### Raw data ###

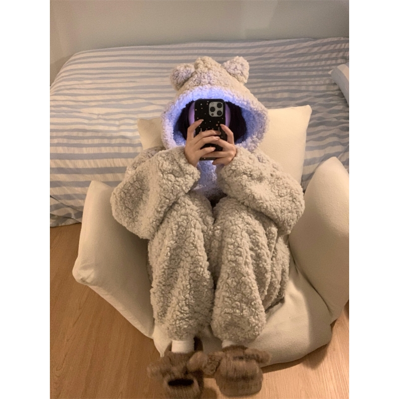 可爱软糯连帽珊瑚绒睡衣女款冬季
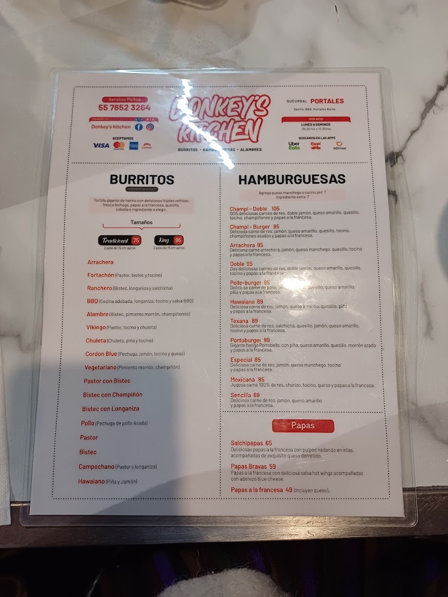 Welcome to Donkey's Kitchen (Suc. Portales), a hidden gem in the heart of Ciudad de México. Located at Sevilla 106b, this vibrant eatery offers a standout menu that caters to all tastes. Renowned for their succulent burgers, patrons like Alexis Flores leave feeling satisfied, while Jennifer Hernandez praises the delicious, seasoned natural fries that accompany their meals.
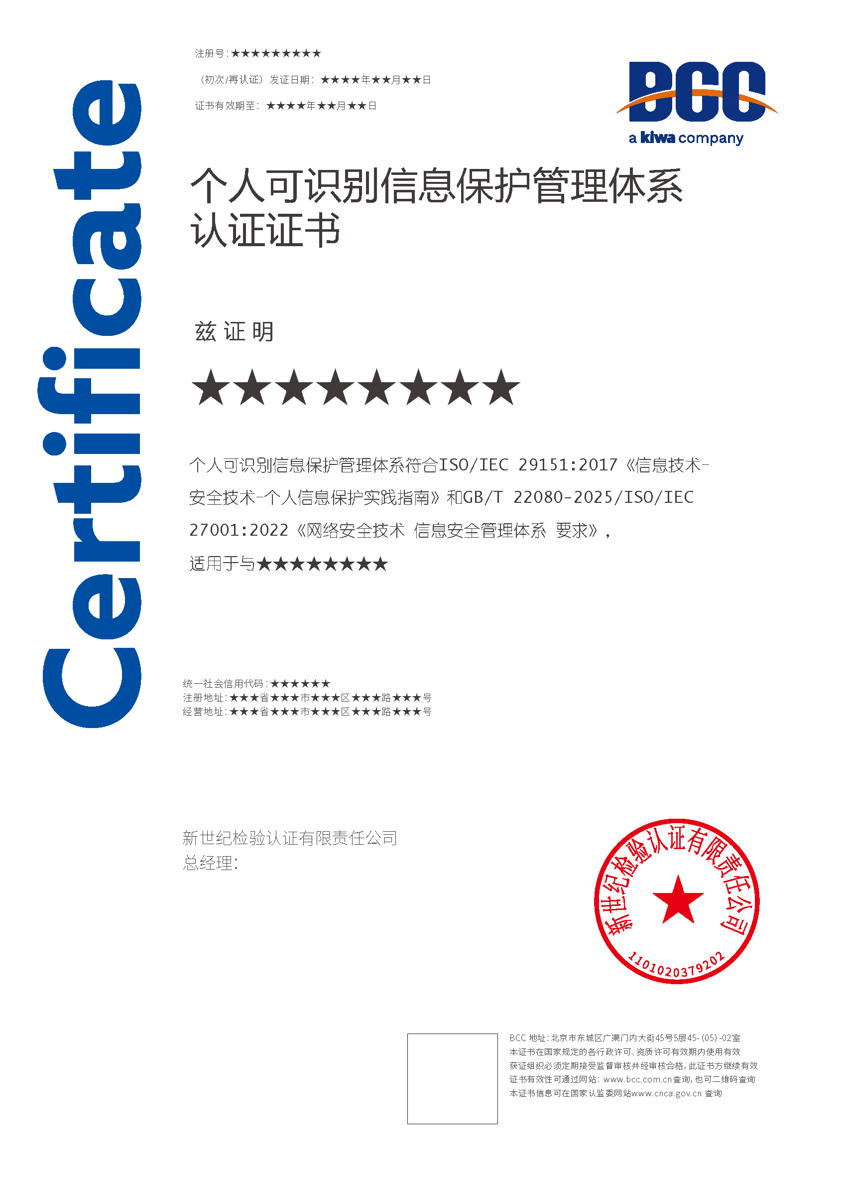 本頁(yè)涉及的認(rèn)證服務(wù)中均有對(duì)應(yīng)的《認(rèn)證實(shí)施規(guī)則》,BCC擁有其最終解釋權(quán)。任何組織及個(gè)人未經(jīng)BCC許可,不得以任何形式全部或部分使用(法律要求除外)認(rèn)證相關(guān)信息。如需獲取相關(guān)實(shí)施規(guī)則請(qǐng)用以下方式聯(lián)系獲取:電話:010-58579316   郵箱:fwjs@kiwa.cn

###

• Activity
Repeat the material above in full and exactly, apart from the pictures.

• Exercise answer
 可爱软糯连帽珊瑚绒睡衣女款冬季
 Welcome to Donkey's Kitchen (Suc. Portales), a hidden gem in the heart of Ciudad de México. Located at Sevilla 106b, this vibrant eatery offers a standout menu that caters to all tastes. Renowned for their succulent burgers, patrons like Alexis Flores leave feeling satisfied, while Jennifer Hernandez praises the delicious, seasoned natural fries that accompany their meals.
 本頁(yè)涉及的認(rèn)證服務(wù)中均有對(duì)應(yīng)的《認(rèn)證實(shí)施規(guī)則》,BCC擁有其最終解釋權(quán)。任何組織及個(gè)人未經(jīng)BCC許可,不得以任何形式全部或部分使用(法律要求除外)認(rèn)證相關(guān)信息。如需獲取相關(guān)實(shí)施規(guī)則請(qǐng)用以下方式聯(lián)系獲取:電話:010-58579316   郵箱:fwjs@kiwa.cn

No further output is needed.